| Assignment |
An exact copy of the data is needed, one that excludes all pictures.

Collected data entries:
..........

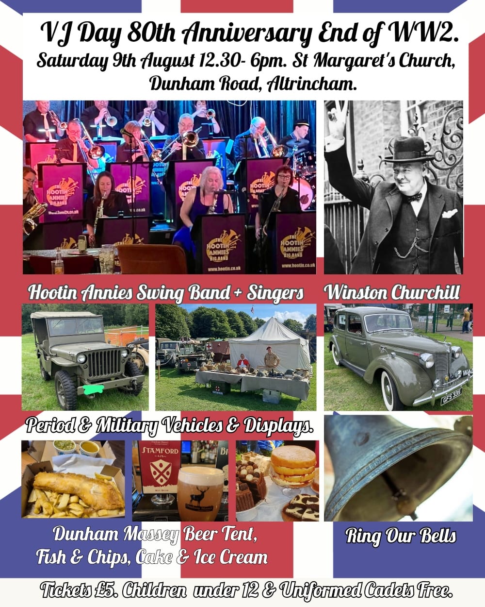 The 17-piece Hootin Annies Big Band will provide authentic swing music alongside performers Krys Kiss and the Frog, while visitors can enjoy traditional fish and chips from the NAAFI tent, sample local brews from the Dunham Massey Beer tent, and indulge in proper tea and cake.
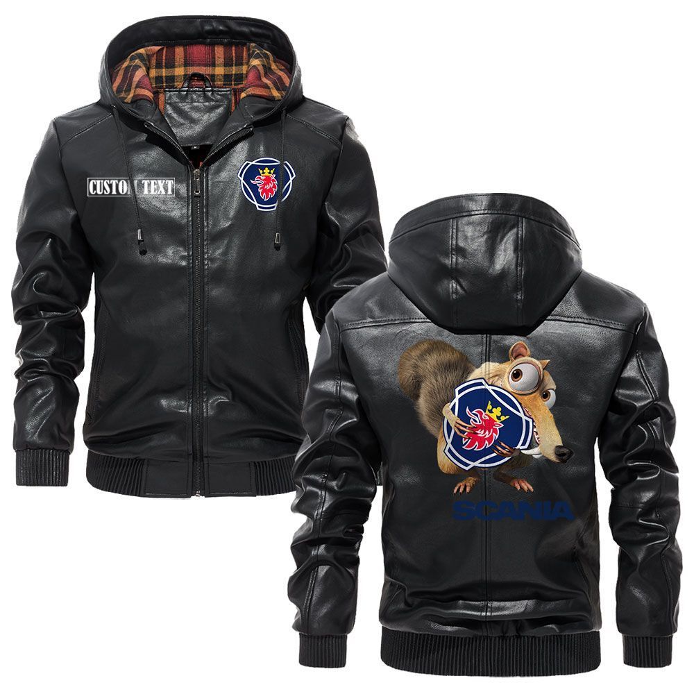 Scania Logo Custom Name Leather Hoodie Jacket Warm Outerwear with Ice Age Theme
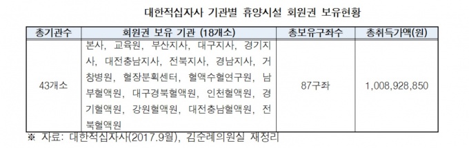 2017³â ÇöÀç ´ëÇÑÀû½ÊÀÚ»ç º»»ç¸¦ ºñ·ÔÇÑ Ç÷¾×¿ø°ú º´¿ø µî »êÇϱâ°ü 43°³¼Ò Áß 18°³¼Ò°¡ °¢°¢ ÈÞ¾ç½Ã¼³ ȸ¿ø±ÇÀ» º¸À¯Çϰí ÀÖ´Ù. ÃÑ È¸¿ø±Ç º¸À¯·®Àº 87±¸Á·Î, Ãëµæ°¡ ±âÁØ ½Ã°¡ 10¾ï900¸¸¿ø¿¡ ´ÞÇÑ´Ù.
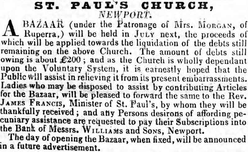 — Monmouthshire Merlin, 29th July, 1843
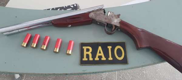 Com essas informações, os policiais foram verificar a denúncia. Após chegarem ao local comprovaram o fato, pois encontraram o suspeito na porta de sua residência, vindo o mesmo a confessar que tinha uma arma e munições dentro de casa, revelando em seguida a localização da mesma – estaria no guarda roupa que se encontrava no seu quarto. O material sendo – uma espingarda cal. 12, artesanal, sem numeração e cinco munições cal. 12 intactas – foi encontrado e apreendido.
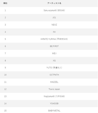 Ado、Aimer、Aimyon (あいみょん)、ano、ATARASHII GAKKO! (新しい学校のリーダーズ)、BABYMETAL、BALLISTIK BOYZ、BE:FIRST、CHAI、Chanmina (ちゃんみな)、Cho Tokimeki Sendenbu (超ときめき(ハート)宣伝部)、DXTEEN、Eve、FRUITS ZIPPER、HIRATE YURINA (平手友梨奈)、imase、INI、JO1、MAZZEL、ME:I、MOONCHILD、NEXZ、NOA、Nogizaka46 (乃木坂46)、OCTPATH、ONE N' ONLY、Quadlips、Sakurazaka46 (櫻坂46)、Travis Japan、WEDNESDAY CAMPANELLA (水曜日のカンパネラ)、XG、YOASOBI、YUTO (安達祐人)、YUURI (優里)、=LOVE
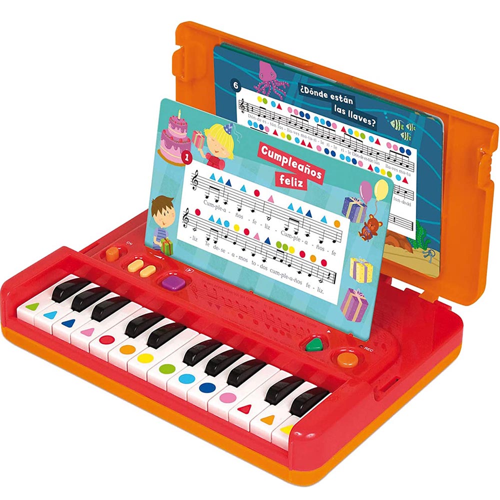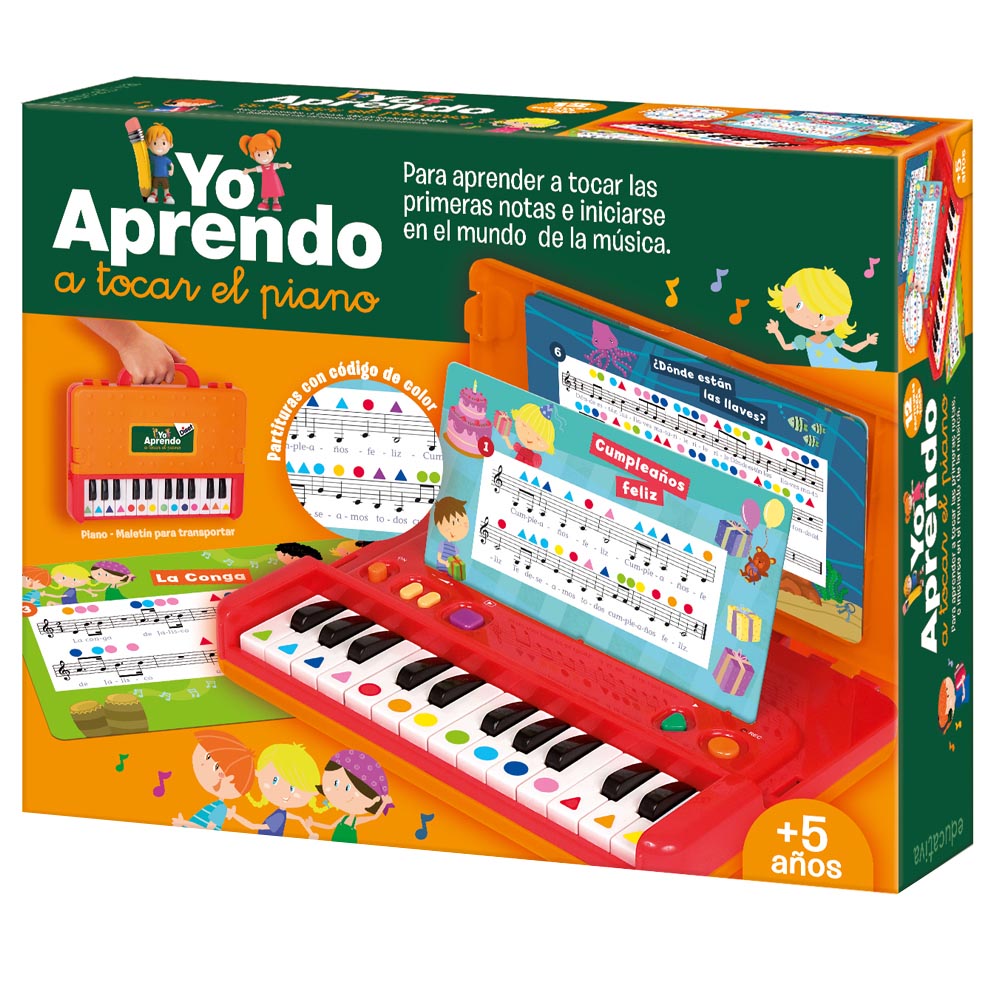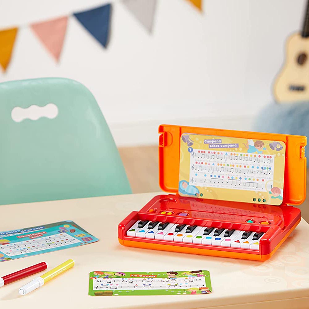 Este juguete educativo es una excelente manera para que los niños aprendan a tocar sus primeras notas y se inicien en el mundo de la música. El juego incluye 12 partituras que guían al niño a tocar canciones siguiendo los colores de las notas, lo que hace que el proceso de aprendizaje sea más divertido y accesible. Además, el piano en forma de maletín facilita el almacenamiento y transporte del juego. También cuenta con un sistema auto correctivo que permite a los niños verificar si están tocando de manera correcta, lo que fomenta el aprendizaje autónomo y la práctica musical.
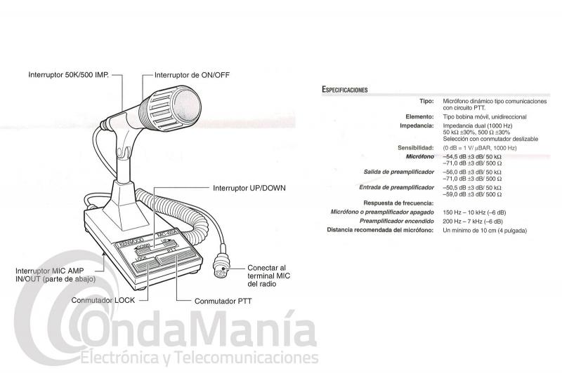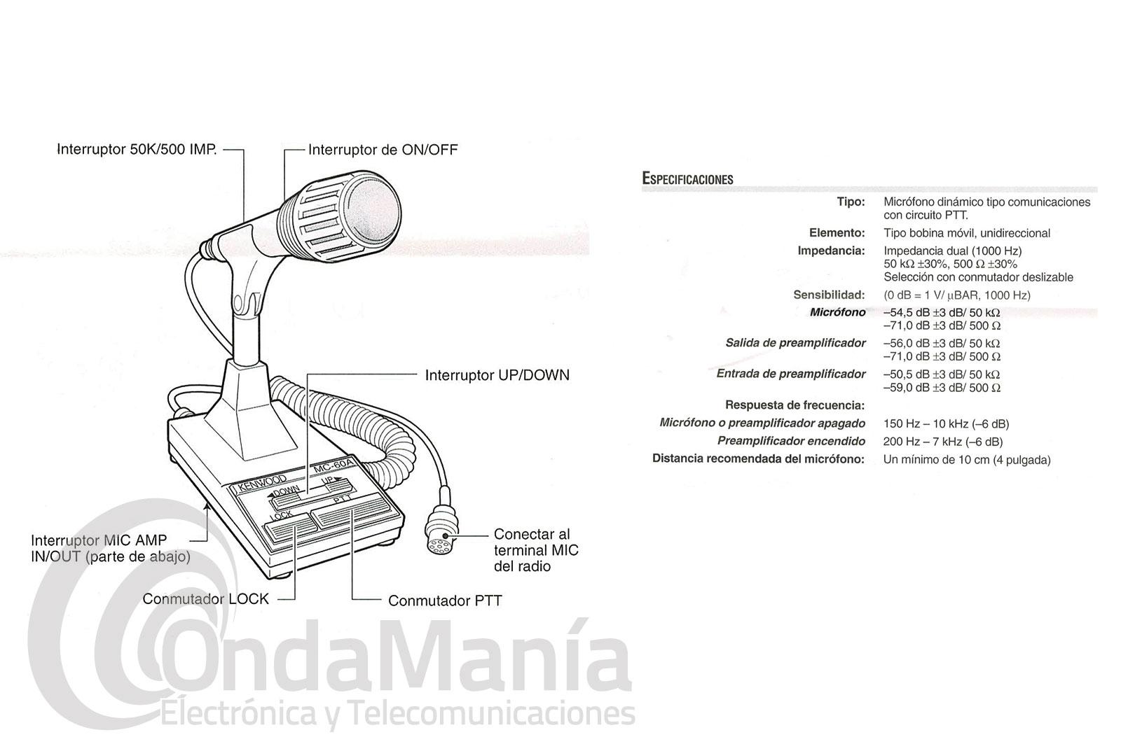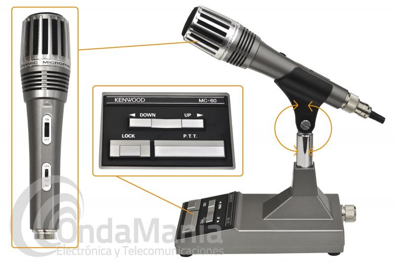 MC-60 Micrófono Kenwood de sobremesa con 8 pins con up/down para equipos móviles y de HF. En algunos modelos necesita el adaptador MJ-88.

..........

| Completed task |
 The 17-piece Hootin Annies Big Band will provide authentic swing music alongside performers Krys Kiss and the Frog, while visitors can enjoy traditional fish and chips from the NAAFI tent, sample local brews from the Dunham Massey Beer tent, and indulge in proper tea and cake.
 Scania Logo Custom Name Leather Hoodie Jacket Warm Outerwear with Ice Age Theme
 2017³â ÇöÀç ´ëÇÑÀû½ÊÀÚ»ç º»»ç¸¦ ºñ·ÔÇÑ Ç÷¾×¿ø°ú º´¿ø µî »êÇϱâ°ü 43°³¼Ò Áß 18°³¼Ò°¡ °¢°¢ ÈÞ¾ç½Ã¼³ ȸ¿ø±ÇÀ» º¸À¯Çϰí ÀÖ´Ù. ÃÑ È¸¿ø±Ç º¸À¯·®Àº 87±¸Á·Î, Ãëµæ°¡ ±âÁØ ½Ã°¡ 10¾ï900¸¸¿ø¿¡ ´ÞÇÑ´Ù.
 — Monmouthshire Merlin, 29th July, 1843
 Com essas informações, os policiais foram verificar a denúncia. Após chegarem ao local comprovaram o fato, pois encontraram o suspeito na porta de sua residência, vindo o mesmo a confessar que tinha uma arma e munições dentro de casa, revelando em seguida a localização da mesma – estaria no guarda roupa que se encontrava no seu quarto. O material sendo – uma espingarda cal. 12, artesanal, sem numeração e cinco munições cal. 12 intactas – foi encontrado e apreendido.
 Ado、Aimer、Aimyon (あいみょん)、ano、ATARASHII GAKKO! (新しい学校のリーダーズ)、BABYMETAL、BALLISTIK BOYZ、BE:FIRST、CHAI、Chanmina (ちゃんみな)、Cho Tokimeki Sendenbu (超ときめき(ハート)宣伝部)、DXTEEN、Eve、FRUITS ZIPPER、HIRATE YURINA (平手友梨奈)、imase、INI、JO1、MAZZEL、ME:I、MOONCHILD、NEXZ、NOA、Nogizaka46 (乃木坂46)、OCTPATH、ONE N' ONLY、Quadlips、Sakurazaka46 (櫻坂46)、Travis Japan、WEDNESDAY CAMPANELLA (水曜日のカンパネラ)、XG、YOASOBI、YUTO (安達祐人)、YUURI (優里)、=LOVE
 Este juguete educativo es una excelente manera para que los niños aprendan a tocar sus primeras notas y se inicien en el mundo de la música. El juego incluye 12 partituras que guían al niño a tocar canciones siguiendo los colores de las notas, lo que hace que el proceso de aprendizaje sea más divertido y accesible. Además, el piano en forma de maletín facilita el almacenamiento y transporte del juego. También cuenta con un sistema auto correctivo que permite a los niños verificar si están tocando de manera correcta, lo que fomenta el aprendizaje autónomo y la práctica musical.
 MC-60 Micrófono Kenwood de sobremesa con 8 pins con up/down para equipos móviles y de HF. En algunos modelos necesita el adaptador MJ-88.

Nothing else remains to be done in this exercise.